I’ve written some about my college education. I attended Wabash College from the fall of 1988 until I graduated in the spring of 1992 with a Bachelor’s of Arts degree in philosophy and German. Wabash College is a liberal arts college for men. Wabash’s curriculum is designed to impart general knowledge across a broad spectrum of topics. More importantly, the curriculum is designed to foster independent inquiry, critical thought, and clear expression both oral and written. To read purposefully, think critically, and write effectively.
I have relied on this educational foundation in everything I have accomplished since college. More than any particular formula, anecdote or algorithm these principles have served me well. I believe in the liberal arts and I defend them as a true and valued principle of higher education: increasingly necessary in a more complicated, connected world.

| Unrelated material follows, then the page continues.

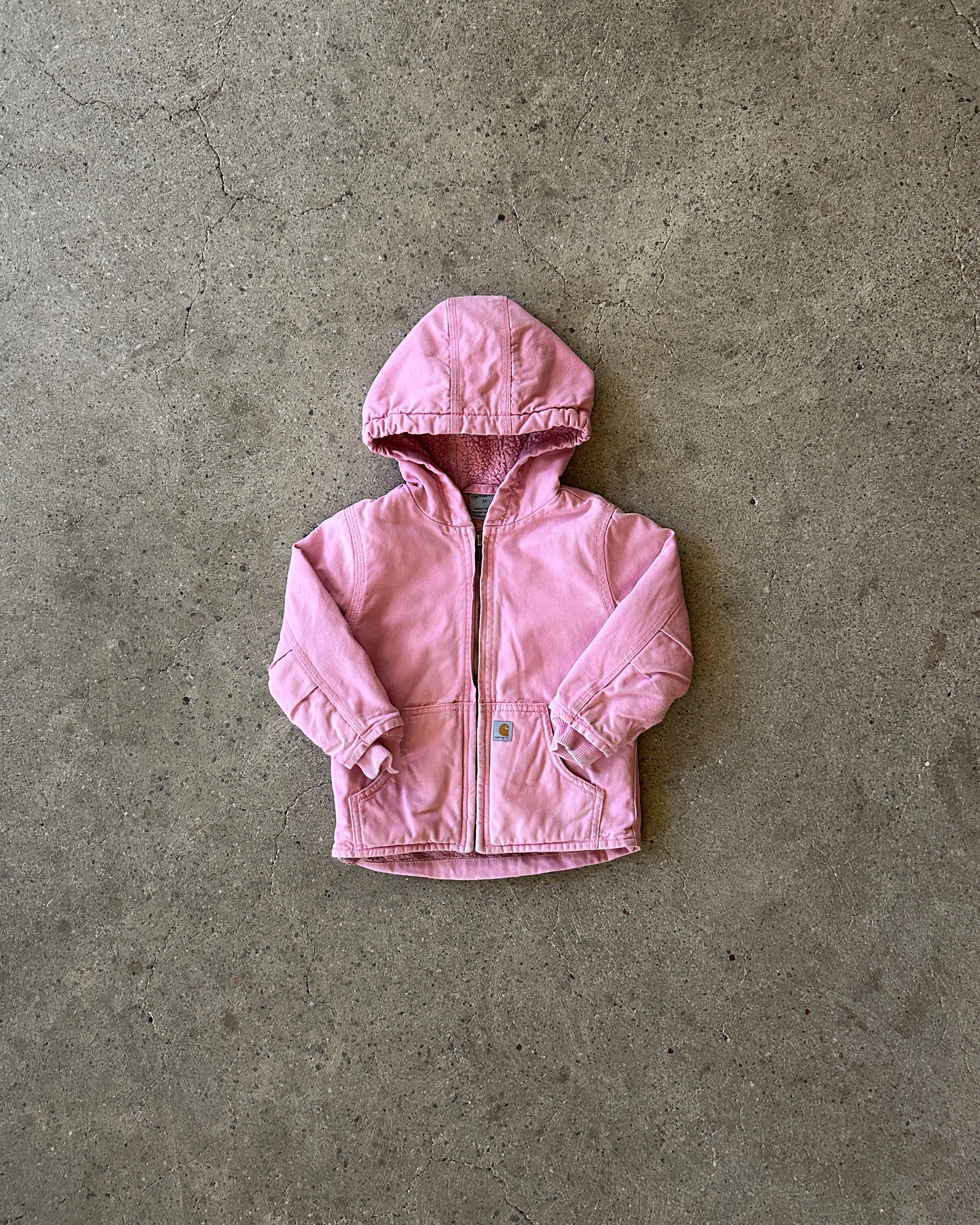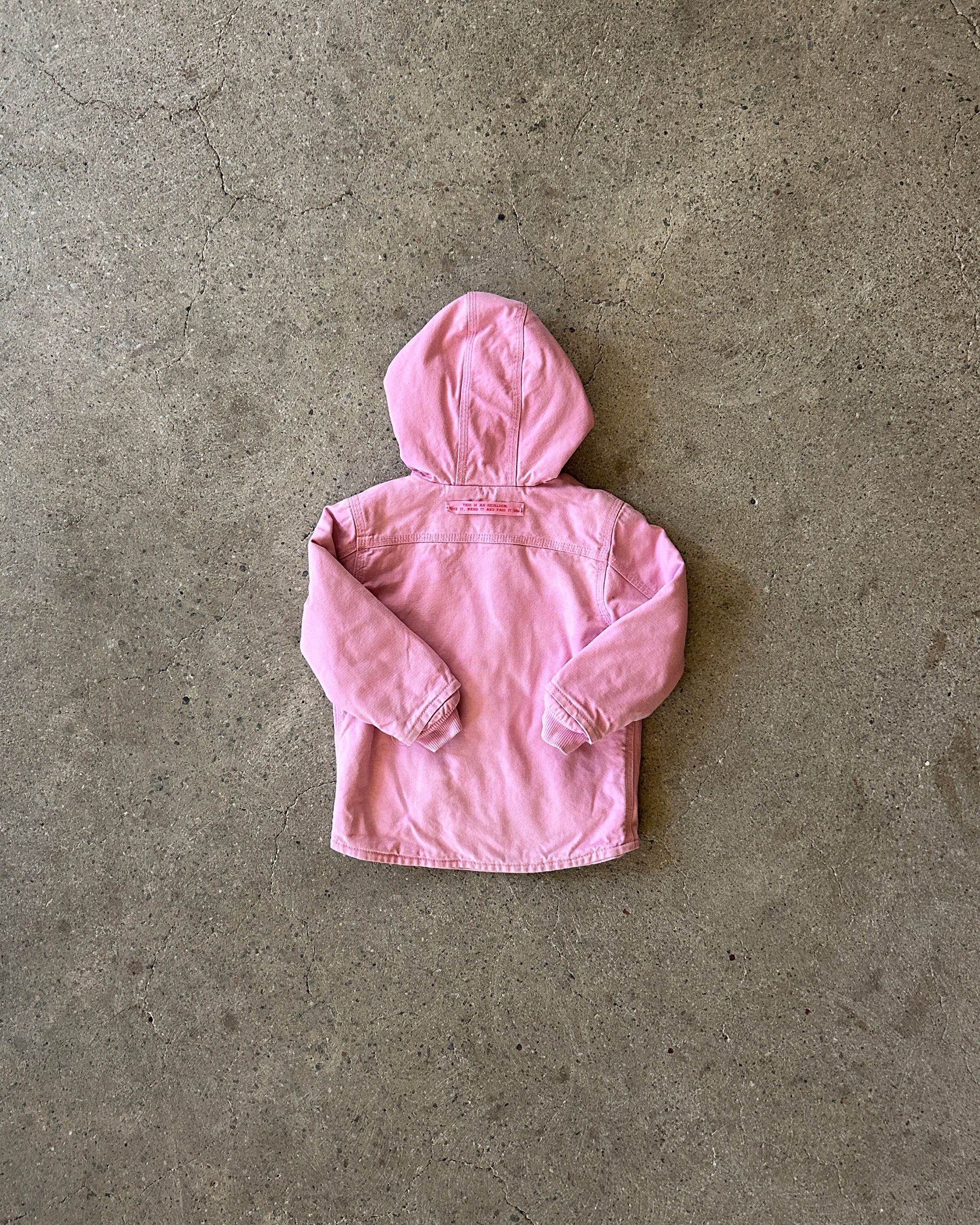 faded pink work wear jacket with pink fleece lining and hood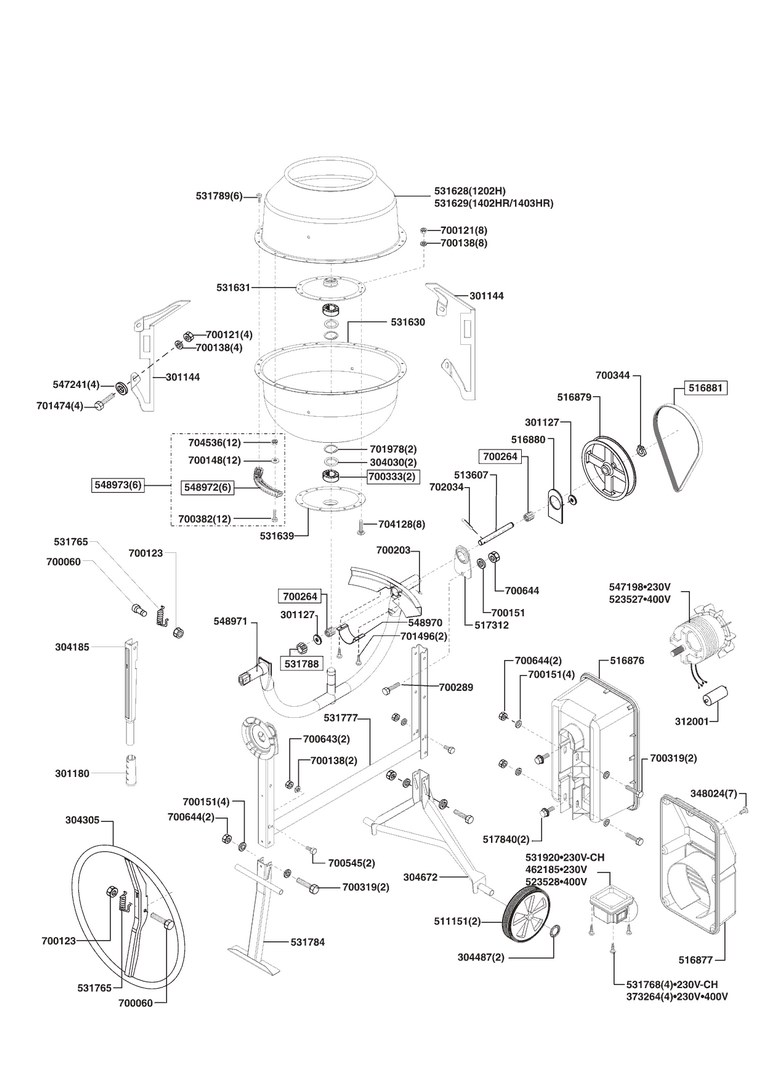 Zeichnungen von AL-KO Betonmörtelmaschinen TOP 1403 HR mit der Geräte-Artikelnr. 112401:

I came across Liz Coleman‘s recent TED Talk, “Liz Coleman’s call to reinvent liberal arts education” in the past week. Coleman presents a powerful dissection of the state of higher education and revival of the power and necessity of the liberal arts. I was overjoyed. Liz Coleman is the president of Bennington College. In the mid-1990s she deployed a radical plan to reinvent the college and the liberal arts the college entrusts.
The complaint: “Over the past century the expert has dethroned the educated generalist to become the sole model of intellectual accomplishment.”
A solution: Develop a framework of higher education as an active pursuit — a performing art for public good. Include rhetoric, design, meditation, improvisation, and quantitative reasoning alongside the canon of traditional topics. On technology she reminds us that we must acknowledge that the more powerful our reach of our voices the more important the question “About what?”
Specialization obfuscates problems. Specialization constructs a world of silos: people working alongside one another never fully realizing the interconnectedness of what each other does. Specialization creates a world of blinders, or worse yet a world of the blind leading the uninterested. To this end I found this statement one of Coleman’s most powerful:
“The most important discovery we made in our focus on public action was to appreciate that the hard choices are not between good and evil but between competing goods. This discovery is transforming. It undercuts self-righteousness, radically alters the tone and character of controversy, and enriches dramatically the possibility for finding common ground. Idolatry, zealotry, unsubstantiated opinions simply won’t do. This is a political education to be sure. But it is a politics of principle not of partisanship. [….] We the people have become inured to our own irrelevance when it comes to doing anything significant about anything that matters concerning governance, beyond waiting another four years. [….] The problem is there is no such thing as a viable democracy made up of experts, zealots, politicians and spectators.”
I am encouraged to hear such a powerful appreciation for the generalist, for the soundness of the liberal arts, updated with a call to public action. For too long our culture has turned introverted to the point of selfishness and conceded the spheres of philanthropy, charity and welfare to religion. And perhaps more importantly than concern for our fellow man, but the concession of even thinking about the larger interconnectedness of systems. Particularly as they impact concepts such as justice, equity and truth.
I came across Coleman’s talk just a day after reading the following line from F. Scott Fitzgerald‘s short story “Bernice Bobs Her Hair” and maybe a week before my own birthday. Birthday’s and New Years Day are two moments that bring out a particularly strong tendency toward introspection and self-evaluation: “At eighteen our convictions are hills from which we look; at forty-five they are caves in which we hide.”